I prefer to get more information about the OP's personal behaviors affecting the dynamics in the relationship rather than assuming he's doing everything right and she's the evil one who needs to be trained to respond. She may just be reacting to his behaviors, that have nothing to do with power dynamic. He did admit that he's no angel. I'm more curious what that means.
It could be very true. Nobody is. The baseline dynamic remains she yells -> he gives. Whether that yelling has been triggered by him remains in question, but that cycle needs to break at any rate.
Even if he's an ******* triggering the whole thing, him pulling away attention will trigger a shift and a conversation that can yield results - but only on an even, honest playing field.
The point is not to train her, it's to break any unconscious conditioning in both of them that reinforces a negative stimulus/response cycle and force an intervention.
Let me give you a real example of mine, that I've used before: my wife asking me to vacuum. She asked me, so I did it. She then came up, "supervised" me, and criticized the job - by pointing out that the 'lines' in the carpet weren't straight. I had never noticed before then that vacuuming left lines in the carpet. I said I didn't care about the lines, she asked me to vacuum so I was vacuuming. And successfully getting the carpet clean. She insisted I was doing it wrong, that I didn't know how to vacuum properly, and insisted I started doing it right.

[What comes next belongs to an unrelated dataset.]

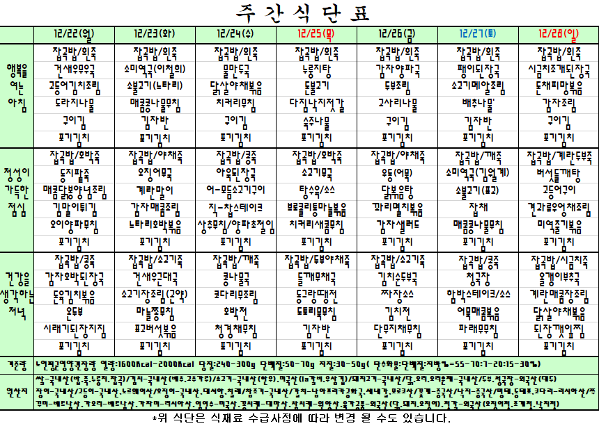 | 25.12.22~25.12.28 주간식단표 관리자2025-12-17조회수 344 |

So when she started being aggressive and rude about it, I dropped the vacuum and walked away. This of course made her very angry.
When she tried to express that anger to me, I refused to engage with her about it. When she calmed down, I used the conflict to set some ground rules: you can ask me to do something, or tell me how to do it, but you can't do both. To me, vacuuming is about cleanliness. To her, it was more. So... when I vacuum now (rarely - it's now a 'pink' job), she leaves me to it, knowing I'll get it clean but not look the way she wants it. If she wants it that way, she can do it herself, because that's reasonable
What she can't do is screech at me and just have me running around making her happy as a consequence. We tried that relationship style, and it didn't work for either one of us. But the more I ran around responding to that stuff, the harder it was for her to see it was unreasonable, and the less I listened to her valid criticism about the stuff I was or wasn't doing... because all I heard or cared about was the screeching.
But you have to be unafraid of conflict to get there. The one that is more unafraid of conflict usually wins the conflict - and that was certainly my wife. Until it wasn't.